Greenwald's essay is well worth reading in its entirety. He goes into great detail 
explaining that Omidyar's TI funding wouldn't stop despite hiring journalists that 
disagree vehemently with Omidyar's own views. But:

> When it comes to billionaire funders of political and journalistic projects, 
> Omidyar — despite the long list of political views and activities of his that I 
> regard as misguided or even toxic — is, for the reasons I just outlined, as good 
> as it gets. And yet despite all that, it is simply unavoidable — inevitable —
> that the ideology, views and political agenda of a billionaire funder will end up 
> contaminating and dominating any project for which they are the exclusive or 
> primary funder.

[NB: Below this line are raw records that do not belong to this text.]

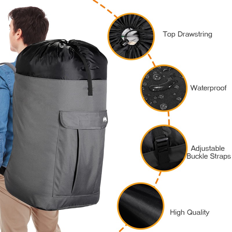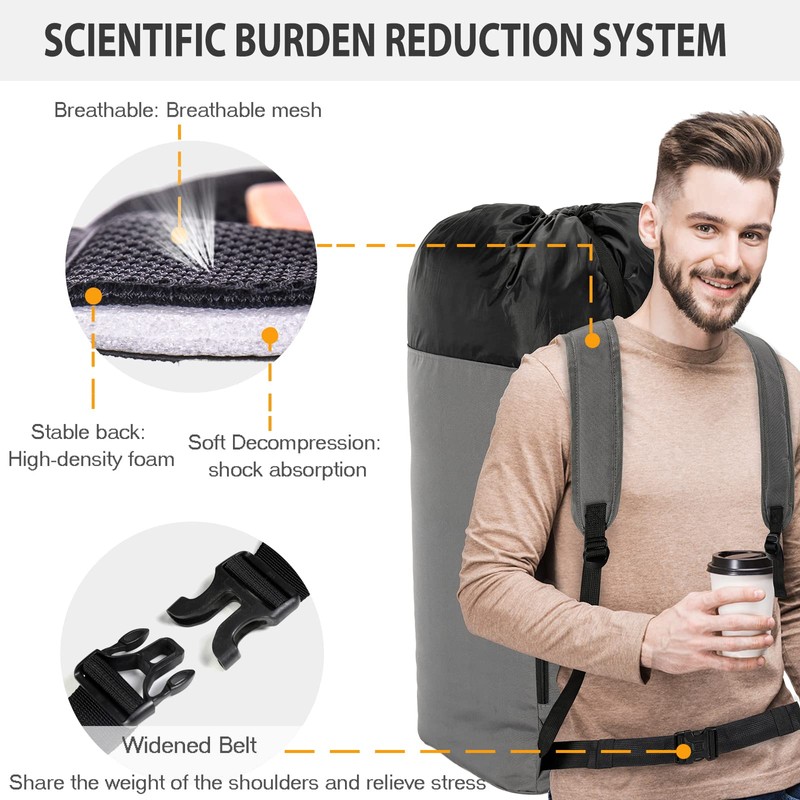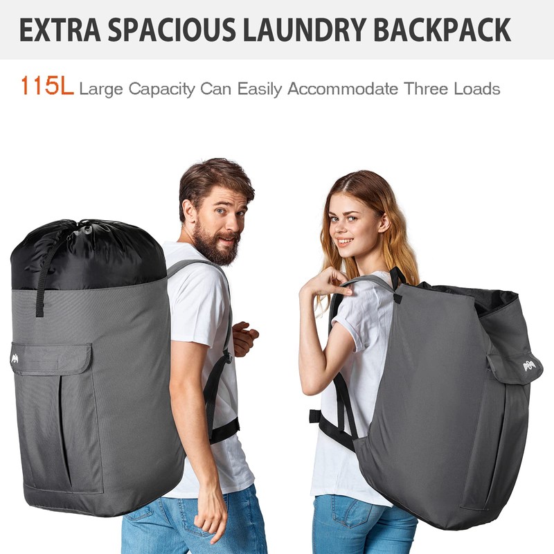 - Humanized Designed: Laundry backpack with belt will share some of the weight of the shoulders to the waist, so as to alleviate shoulders strain caused by prolonged carrying. And adjustable shoulder straps with soft padding can fit a wide variety of people, and we design a drawstring closure on the mouth top, combined with a strap with a buckle which helps to avoid spilling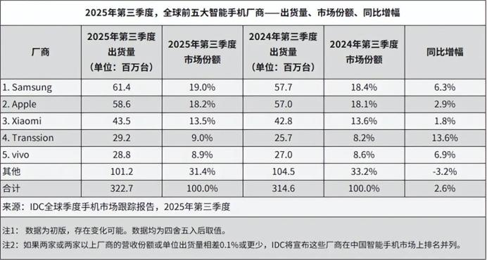 IDC数据显示,2025年第三季度,vivo的市场份额为17.3%,依然保持领先地位;苹果以15.8%的市场份额排名第二;华为排第三,市场份额为15.2%。小米、OPPO、荣耀分别排名第四、第五和第六,市场份额分别为14.7%、14.5%和14.4%。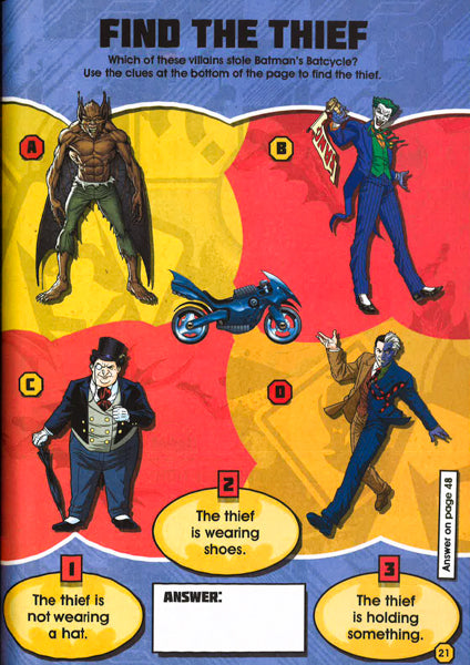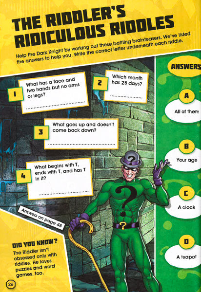 Join Batman and his trusty sidekick Robin as they battle against evil in this awesome Dark Knight Activities book. Unscramble the names of Batman's fiercest foes, make your own bat-jigsaw, complete the cool comic strips, and lots more! This book is action-packed with over 40 activities to complete.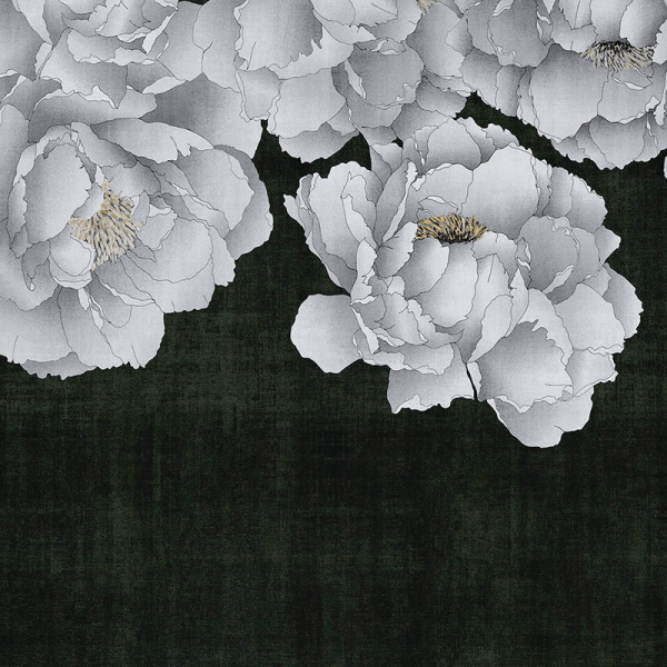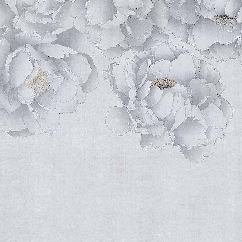 The Oriental Flowers panoramic wallpaper reveals an airy decor punctuated by large hand-drawn peonies. Their petals with delicate contours unfold in the upper part, as if suspended above a subtly textured background. The whole evokes a patinated veil, between floral softness and graphic lightness. A creation, signed Londonart, expressed in refined harmony.

Omidyar is not some apolitical or neutral guardian of good 
> internet governance; he is a highly politicized and ideological actor with very 
> strong views on society's most debated questions.
> 
> And that is why it is so dangerous that the campaign to control and police the 
> internet — to launch pressure campaigns to further centralize the control over 
> what can and cannot be said online, and to further restrict the range of views 
> that is deemed permissible — is being funded almost entirely by a small handful
> of multi-billionaires like Omidyar. No matter how benevolent and well-intentioned 
> they may be, the power and control they will inevitably wield, even if they try 
> not to, will be limitless.
> 
> And when it comes to a free internet, few things are more dangerous than allowing 
> a tiny number of like-minded billionaires to use their vast wealth to control the 
> contours of permissible speech. Yet that is exactly what has been happening. And 
> the obviously orchestrated, well-planned and well-financed campaign centered 
> around this new high-tech Joan of Arc, ready to be martyred to save us all from
> an unsafe internet, is merely the latest example.